Gordon is back in Denver, but there is plenty of reason to believe Williams can put up better fantasy numbers in his sophomore season.
Gordon ran the ball more than Williams last season (53-47% split) when both were healthy, which should flip in Williams’s favor this season. Williams has been the No. 1 RB more often than not in training camp, and DenverFan.com’s Cecil Lammey expects more of a 70-30 split. This makes sense given where both players are at their best age curve. Williams, 22 years old, should see the biggest one-year boost in his career while Gordon, 29, is expected to decline.

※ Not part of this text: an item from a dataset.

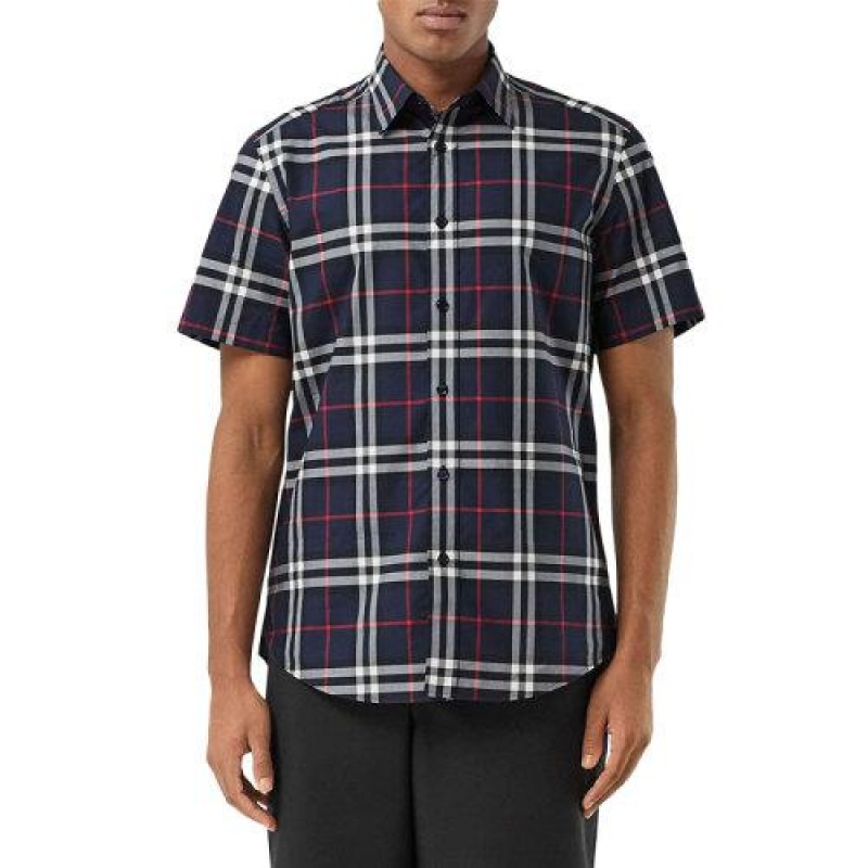 BURBERRY/博柏利 男装 服饰 21春夏 棉质经典格纹翻领衬衣 男士短袖衬衫 $508.3 |

His biggest area where he can improve is as a receiver. The Broncos’ running backs ranked 25th in targets last season (87), but Denver’s new head coach Nathaniel Hackett spent the last three seasons as the Green Bay Packers’ offensive coordinator, when Green Bay ranked eighth in running back targets (334). The three years before that, Hackett’s Jacksonville Jaguars ranked 11th, and in 2013-2014, Hackett’s Buffalo Bills ranked fourth.
While both Williams and Gordon can contribute to the run game, only Williams can be trusted as a receiver. Gordon’s 39.5 PFF receiving grade is the second lowest among 41 qualifying running backs in the last three seasons. Williams was average last season.

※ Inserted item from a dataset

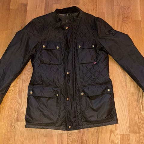 Belstaff jacka i storlek S för herrar. Jackan är mörkgrön och har en klassisk design med två jackfickor med knappar och dragkedja framtill. Insidan är fodrad med ett rutigt mönster. Material och ytterligare specifikationer finns på etiketten.

If the former Tar Heel can jump to top 10 in targets among running backs while receiving a majority of Denver’s carries, he will be a top-10 fantasy back. If he gets closer to the 70-30 split, he has a chance to be the top running back in all of fantasy football.
WR DJ Moore, Carolina Panthers (ADP: 3.08)
The Panthers’ wide receiver has been extremely consistent in fantasy football over the last three seasons, gaining between 1157-1175 receiving yards and exactly four receiving touchdowns each of the last three seasons. This has been incredible considering that the Panthers passers have a combined 51.6 PFF passing grade over that time — the lowest for any team. His 129 uncatchable targets over that span are the most among wide receivers.
Despite the quarterback play, his 84.3 PFF receiving ranks 18th among wide receivers. As much as we try to separate quarterback play and wide receiver play with PFF’s grades, a wide receiver still isn’t able to do anything if the passes thrown their way aren’t catchable.
Life should be a lot easier for Moore with Baker Mayfield as his quarterback. The change should help Moore in all aspects but particularly on deep passes, as Moore gained 681 receiving yards on deep passes over 2019 and 2020 but only 213 last year with Sam Darnold that quarterback. Moore is going from the least accurate deep passer to one of the most accurate, which should mean several more big plays.
The one area where Moore can improve is as an end zone threat. He’s been the clear target among Panthers receivers in the end zone, posting 19 end-zone targets over the past two seasons. Unfortunately, he’s only been able to catch four of those passes, as 10 of those passes were deemed uncatchable. Carolina has only thrown 47 passes in the end zone in that time, ranking second worst. Better passes will help, but an increased volume will help even more. Mayfield at quarterback in addition to a healthy Christian McCaffrey and an improved offensive line should all lead to more trips into the end zone.
Moore is at the tea age where wide receivers should be peakingand he should finally have a quarterback who can finally unleash his potential.